The Federal Circuit noted that the district court concluded that the claim was directed to an ineligible “natural law” because the claim focused on a naturally occurring interaction between the labeled MuSK protein and the autoantibody. The Federal Circuit declined to follow the district court’s reasoning, stating that prior cases have not described interactions of two molecules as a claim directed to an ineligible “natural law,” even if such binding occurs according to natural laws. However, the Federal Circuit also declined to decide whether the district court’s rationale was correct since it found the claim ineligible based on the wherein clause instead. See Opinion at footnote 3.

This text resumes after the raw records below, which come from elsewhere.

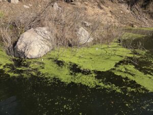 先週、フッキングミスが連発した際、派手目のバイトではなかったことから、浮草の下に居るには居るけど、水面を激しく割って食うまでのテンションは無いと判断し、今回は、浮草直下を狙うことにしました。
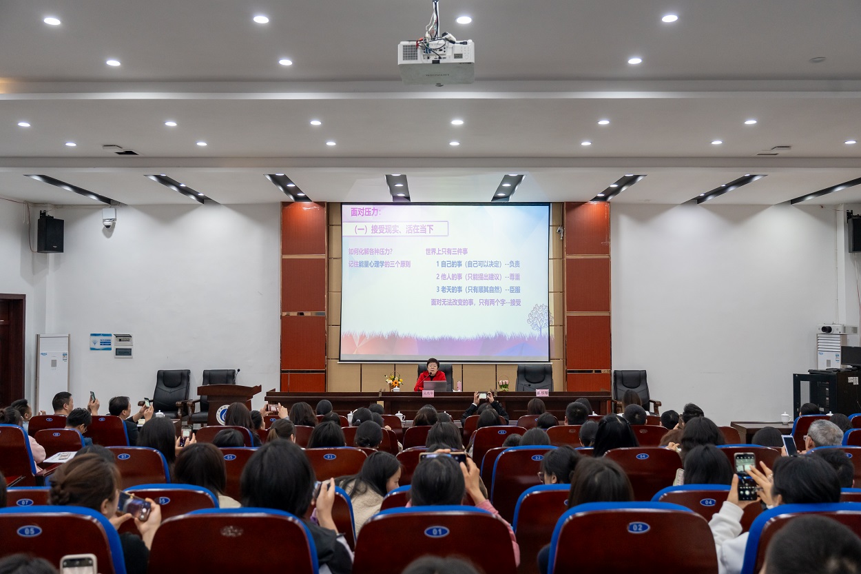 为培育教职工积极阳光、乐观自信的工作心态,调解职场及生活压力,关心关爱教职工心理健康,4月9日下午,医学院邀请经济学博士、教授,国家注册心理咨询师,原广安市副市长,原四川开放大学副校长,四川省“三八红旗手”吴兆华在先圣厅举行了“‘快乐工作、幸福生活’职场人员心理健康与压力调适”专题讲座。医学院全体教职工,校属各单位、各二级学院部分教职工,附属医院部分职工共200余人聆听了讲座,讲座由医学院院长杨书琴主持。
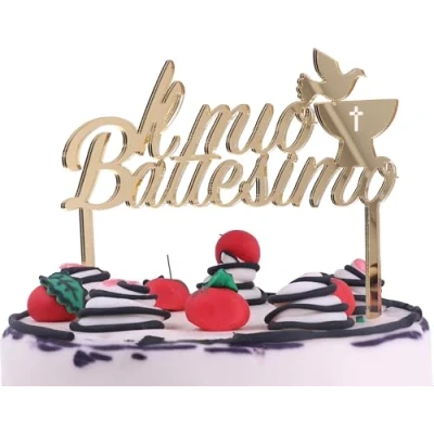 Glittering gold plex cake topper with the wording "My Baptism", ideal for placing on your christening cake. In mirrored plexiglass colour gold Size: 11 x 16 cm Ideal for decorating your cake CUSTOMER SERVICE - With our safe and high-quality products we help meet the needs of our consumers. We always listen to our customers and consider their point of view to offer better products. We are at your disposal 24/7 for any enquiries, please feel free to contact us!, Manufacturer: Graziano

The Federal Circuit’s reliance on the wherein clause to find the claim directed to ineligible subject matter raises the issue of whether the claim would have been found patent eligible if the wherein clause was missing from the claim. It could be argued that the wherein clause does not provide any patentable weight to the claim since it arguably does not change how the claimed method is performed, and was therefore unnecessary. Based on the Federal Circuit’s apparent reluctance to adopt the district court’s reasoning, it is possible that the claim would have been found patent eligible without the wherein clause.

It is worth noting, however, that the Federal Circuit’s opinion states that the determination of what a claim is directed to is “based on both the written description and the claims.” Thus, a court may look beyond what is recited in the claims to determine patent eligibility. This could lead a court to find claims ineligible based on statements in the patent specification despite the lack of this type of wherein clause in the claims. This is in contrast to the most recent guidelines from the US Patent and Trademark Office (“PTO”), which require a patent examiner to review what is recited in the claim to determine what the claim is directed to: “If the claim does not recite a judicial exception, it is not directed to a judicial exception … and is patent eligible.” 2019 Revised Patent Subject Matter Eligibility Guidance, Federal Register (2019) 84(4):50 at p. 54 (emphasis added, herein after “PTO Guidance”).

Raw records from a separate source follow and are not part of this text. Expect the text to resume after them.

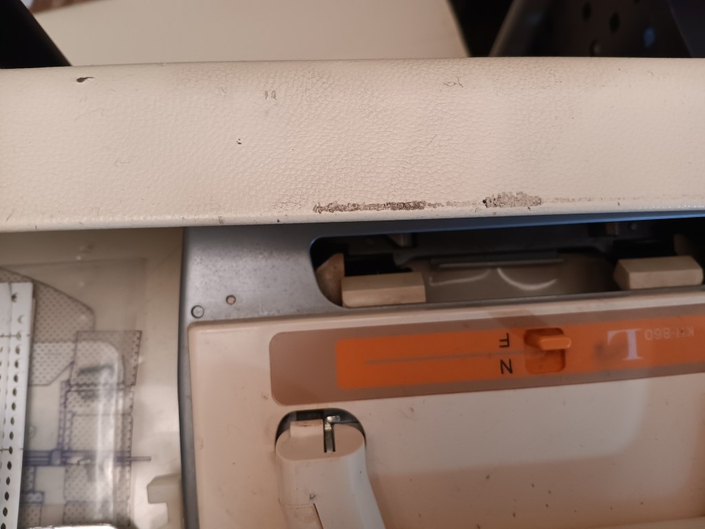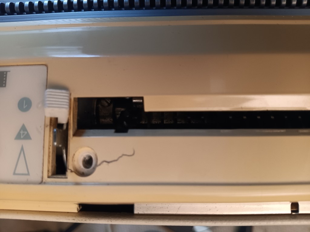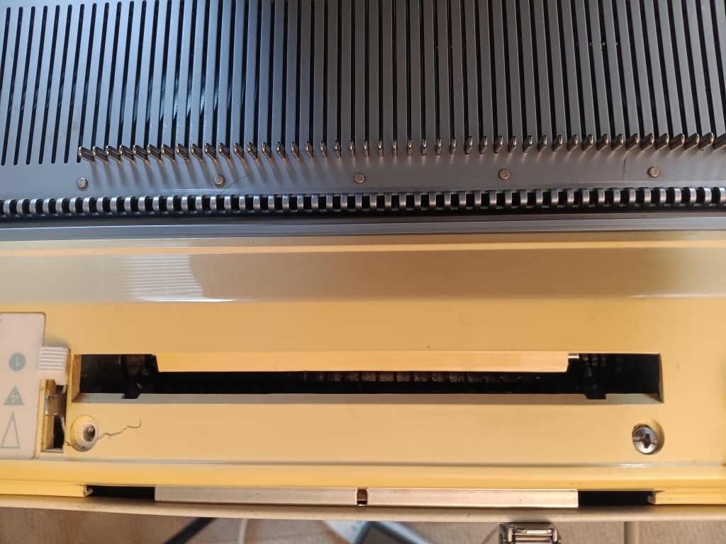 KnitKing KH881 knitting machine is a standard-gauge knitting machine with 200 needles, 4.5 mm apart. It is identical to Brother KH881. It contains a built-in knit leader. Read more about this model in my Knitting Machine Encyclopedia. The remainder of this article will be dedicated to a specific KnitKing KH881 knitting machine, serviced in my shop in July 2024.
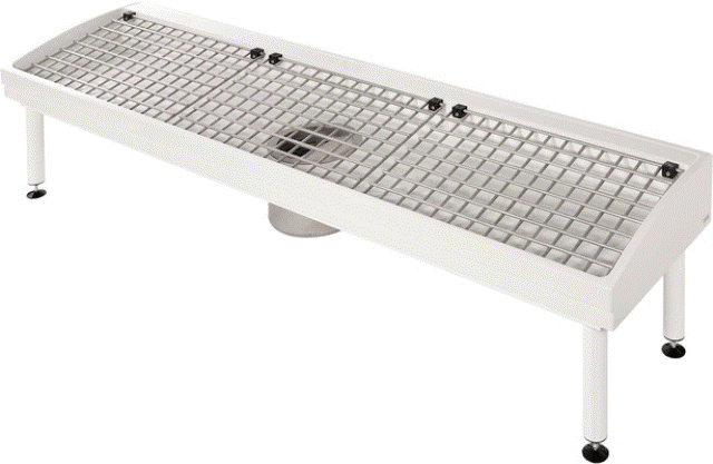 aus Chromnickelstahl. Ablaufkörper um jeweils 90° drehbar. Je Reinigungsplatz ein klappbarer Gitterrost aus Chromnickelstahl..Unterbau als Schweißkonstruktion, pulverbeschichtet in Beckenfarbe, Füße nivellierbar. Inklusive Befestigungsmaterial.
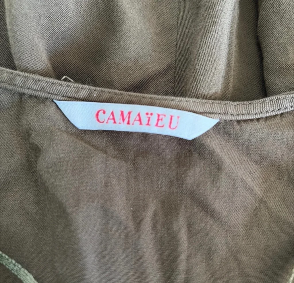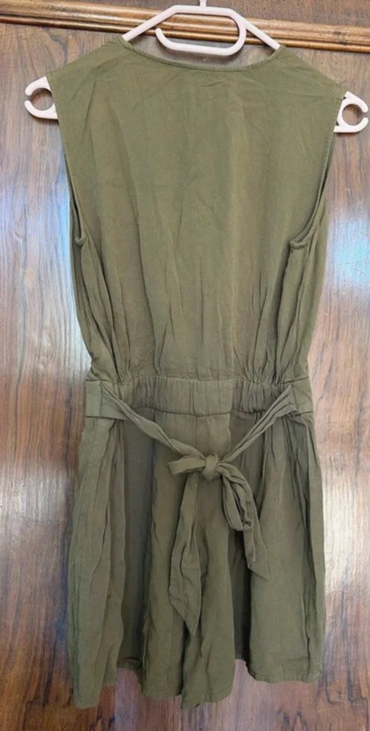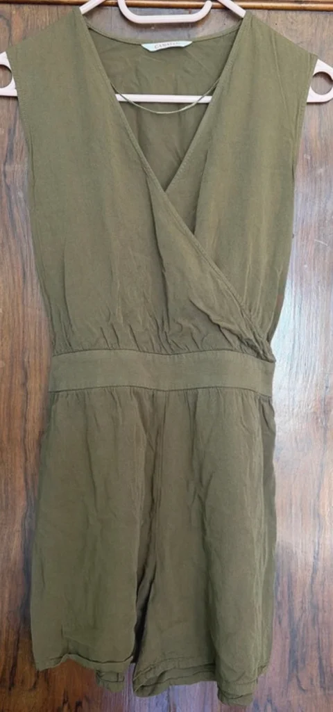 Combi short kaki, taille élastique à l’arrière , Dimensions : Épaule à épaule : 36 cm Aisselle à aisselle :44 cm Taille :34 cm Longueur : 72 cm
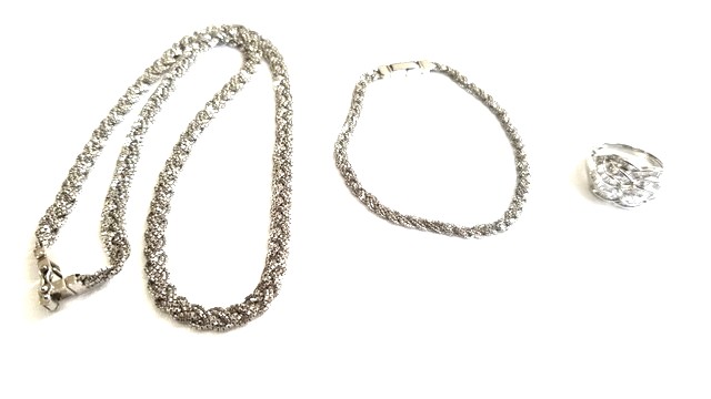 編み込みの元チェーンもネックレスと同じベネチアンですし、編み込みの種類も三つ編みで同じ。
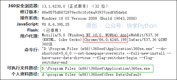 确定自己360浏览器的版本号后,按照版本号下载对应的浏览器驱动,并将chromedriver.exe文件放到Python安装目录下。这里与常规谷歌浏览器一致,不再赘述。
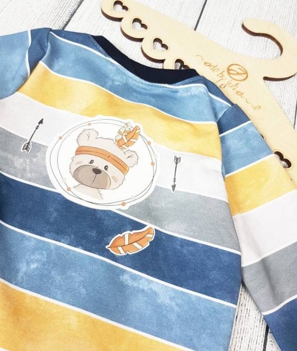 Dieser Cardigan hier ist aus einem. Butterweichen Sommersweat. Am Rücken hat ein toller Plott mit einem Boho - Bären Platz gefunden.

Second Issue – “Well-understood, Routine, Conventional Steps”

In its opinion, the Federal Circuit stated that the steps to detect the autoantibodies recited in the claim – the steps of contacting a sample with labeled peptide, immunoprecipitating, and monitoring – are steps that were routine and conventional. The court concluded that the claims were therefore “directed to a natural law because they recite only the natural law together with standard techniques for observing it.” It is important to note that determining whether that the recited steps were routine and conventional was carried out under Step 1 of the Alice/Mayo analysis. Consideration of whether the recited steps are well-understood, routine and conventional is more often found in Step 2 of the analysis, where a court considers if the claim recites “something more” that transforms the judicial exception into a patent-eligible subject matter.

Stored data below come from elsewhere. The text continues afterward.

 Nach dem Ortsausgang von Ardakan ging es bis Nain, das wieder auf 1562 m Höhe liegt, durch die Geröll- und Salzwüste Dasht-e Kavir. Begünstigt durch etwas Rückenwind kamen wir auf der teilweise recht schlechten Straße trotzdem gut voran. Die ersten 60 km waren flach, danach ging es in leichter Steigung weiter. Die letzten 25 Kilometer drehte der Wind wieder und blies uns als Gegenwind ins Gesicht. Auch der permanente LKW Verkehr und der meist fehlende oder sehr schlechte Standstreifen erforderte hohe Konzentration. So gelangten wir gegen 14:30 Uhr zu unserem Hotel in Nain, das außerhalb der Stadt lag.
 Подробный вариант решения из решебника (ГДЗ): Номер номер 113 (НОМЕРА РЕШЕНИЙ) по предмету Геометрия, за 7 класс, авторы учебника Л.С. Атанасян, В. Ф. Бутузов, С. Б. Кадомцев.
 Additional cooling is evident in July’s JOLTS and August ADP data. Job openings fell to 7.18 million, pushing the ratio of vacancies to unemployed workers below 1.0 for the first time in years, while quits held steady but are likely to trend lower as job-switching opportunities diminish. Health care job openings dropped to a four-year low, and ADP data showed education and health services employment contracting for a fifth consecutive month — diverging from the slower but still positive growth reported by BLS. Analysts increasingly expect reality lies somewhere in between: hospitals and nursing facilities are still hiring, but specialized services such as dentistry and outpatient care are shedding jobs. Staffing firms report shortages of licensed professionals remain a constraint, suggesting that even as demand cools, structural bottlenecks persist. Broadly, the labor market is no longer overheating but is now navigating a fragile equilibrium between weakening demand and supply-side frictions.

The court’s consideration of whether the additional claim steps were routine and conventional in the Step 1 of the Alice/Mayo analysis contrasts with the PTO Guidance on Step 1 (referred to as “Step 2A” in the PTO Guidance). In the PTO Guidance, if a claim recites a judicial exception (e.g., a natural law or abstract idea), the claim is evaluated as a whole to determine whether it integrates the judicial exception into a practical application and is thus patent eligible. The PTO Guidance directs examiners to give weight to all additional elements recited in the claim, whether or not they are conventional. The PTO Guidance expressly states that this analysis “specifically excludes consideration of whether the additional elements represent well-understood, routine, conventional activity,” which is instead to be considered only as step 2 of the Alice/Mayo analysis (referred to as “Step 2B” in the PTO Guidance). PTO Guidance at p. 55 (emphasis added).

There is an obvious tension between the standards set forth by the court in Athena v. Mayo and the process described in the recent PTO Guidance. These tensions may affect strategies for pursuing patents at the PTO, and are likely to play out as the PTO continues to integrate court decisions with its guidelines.